George Eliot’s The Lifted Veil was first published in Blackwood’s Edinburgh Magazine in 1859 and has now become one of the author’s most widely read and critically discussed stories. Told from the point of view of a young, egocentric, and morbid clairvoyant man, Latimer, it is a dark fantasy portrait of an artist whose visionary powers merely blight his life. The story reflected the scientific interest of the time in the physiology of the brain, mesmerism, phrenology, and experiments in revivification. It also is a reflection of the author’s moral philosophy.
The Lifted Veil is a significant part of the Victorian tradition of horror fiction, along with Mary Shelley’s Frankenstein, Robert Louis Stevenson’s The Strange Case of Dr. Jekyll and Mr. Hyde, and Bram Stoker’s Dracula.
George Eliot, the pen name of Mary Ann, or Marian, Evans (1819–1880), was an English Victorian novelist of the first rank. An assistant editor for the Westminster Review from 1851 to 1854, she wrote her first fiction in 1857 and her first full-length novel, Adam Bede, in 1859. In her writing, she was chiefly preoccupied with moral problems, especially the moral development and psychological analysis of her characters. She is known for her sensitive and honest depiction of life and people in works that are acclaimed as classics.

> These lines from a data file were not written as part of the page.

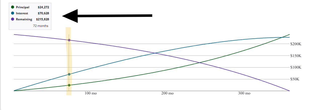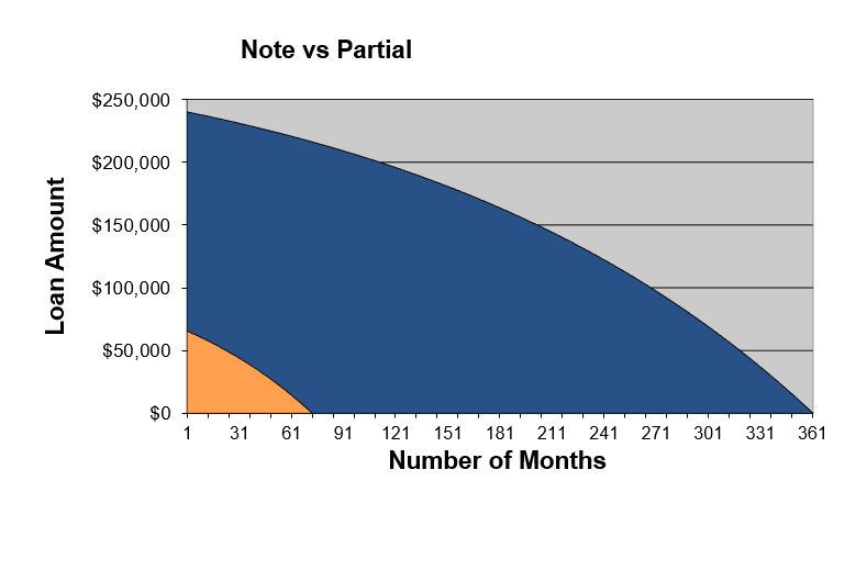 The orange (partial) is what I sold, the blue (original loan) is the remaining payments owed to me. Since I sold the front of the loan, when I receive my loan back to me after 6 years, a large part of the principal is still there. Specifically about $216,000. This is where the financial magic happens.
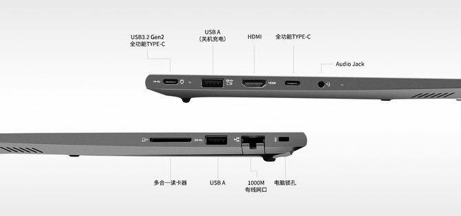 作为一款商用笔记本电脑,昭阳X5-14 AHP 还提供了几乎全场景的功能接口,包括双全功能Type-C接口(其中一个接口为USB4 40Gbps),双USB-A接口(左侧的支持关机充电),HDMI接口,RJ45千兆有线网络接口,3.5mm音频插孔,此外还有一个多合一读卡器,以及针对商务公共区域放置的电脑锁孔。丰富的接口可以轻松扩展,连接更多外设。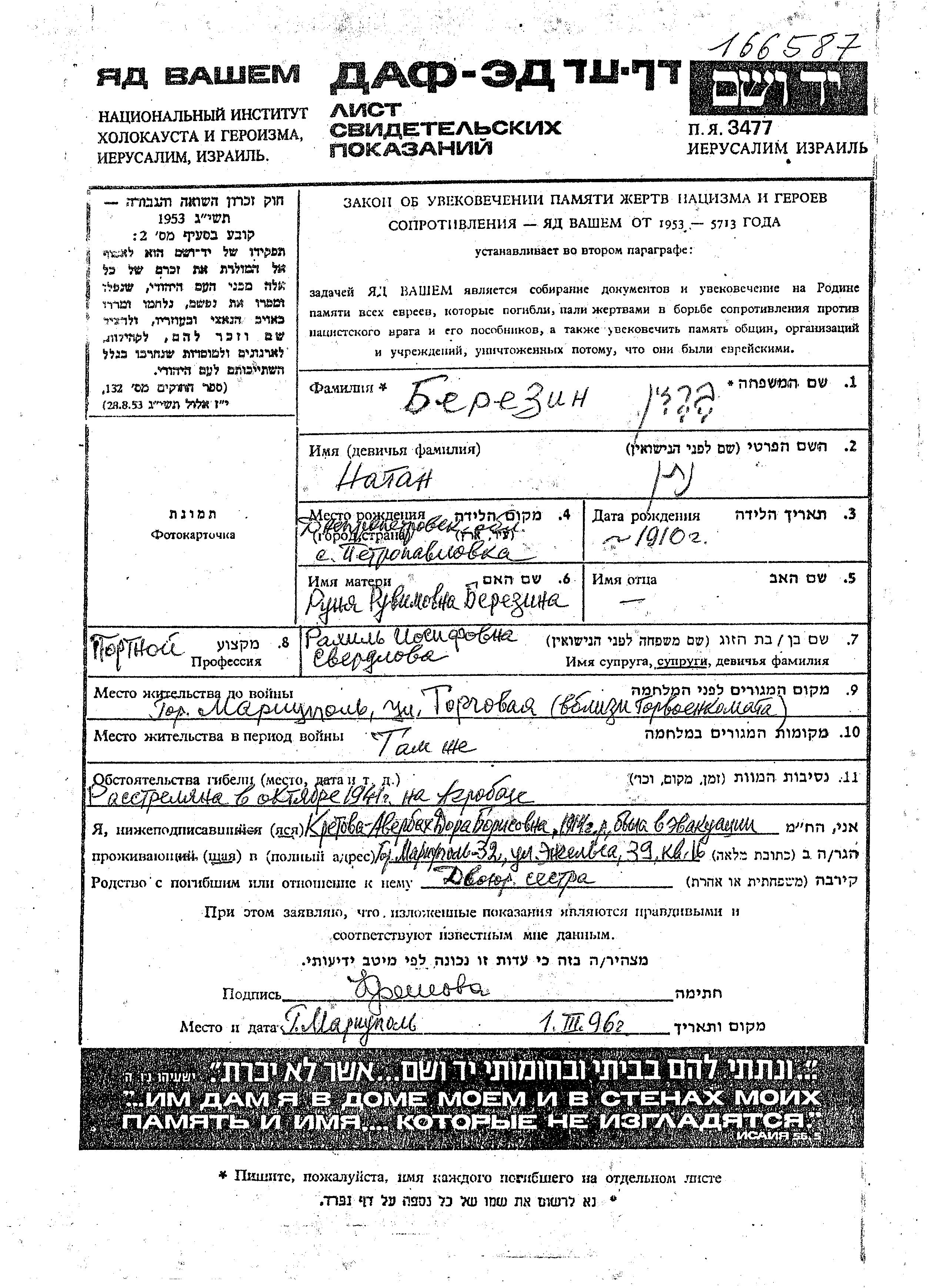 Berezin Natan 1910 Mariupol, Ucrania (URSS) Hoja de Testimonio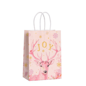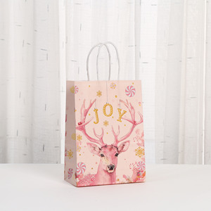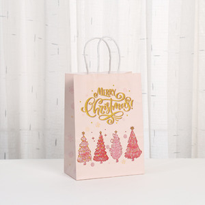 ショッピングバッグクラフト紙袋パーティーキャンディギフト袋卸売り外売り袋クリスマス手提げ袋ピンク包装袋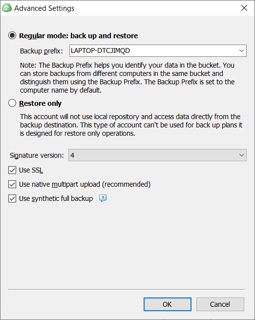As of version 6.3.3 of Backup for Windows, support for synthetic full backup is added to S3-compatible storage providers.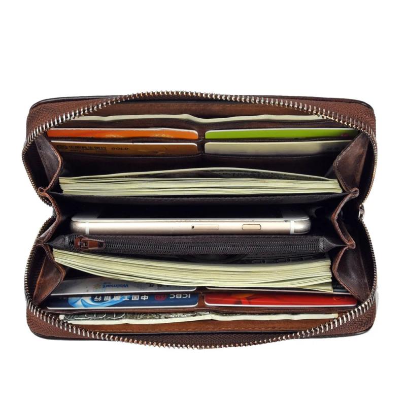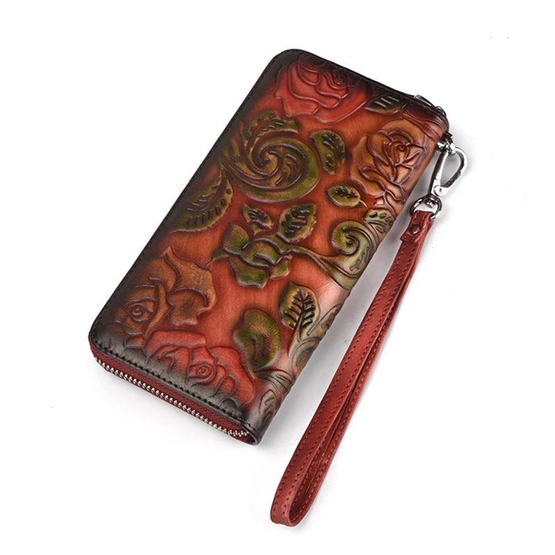 Get this stylish and durable first layer cowhide wallet featuring flowers design. Perfect for both men and women with ample space for mobile phones and other essentials.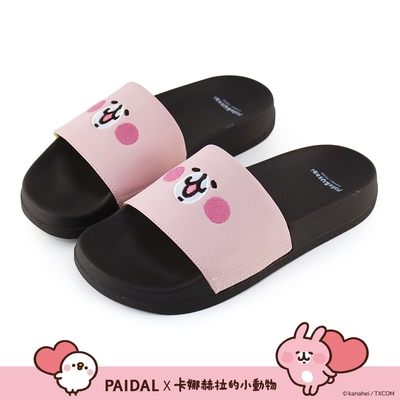 Paidal x 卡娜赫拉的小動物 粉紅兔兔萌臉電繡一片式運動拖鞋$65685折

Clive Chafer is a professional actor, director, producer, and theater instructor. Originally from England and educated at Leeds and Exeter universities, he has performed and directed at many theaters in the San Francisco area, where he makes his home, and elsewhere in the US. In 1993 he founded TheatreFIRST, Oakland’s professional theater company, where he served as artistic director until 2008.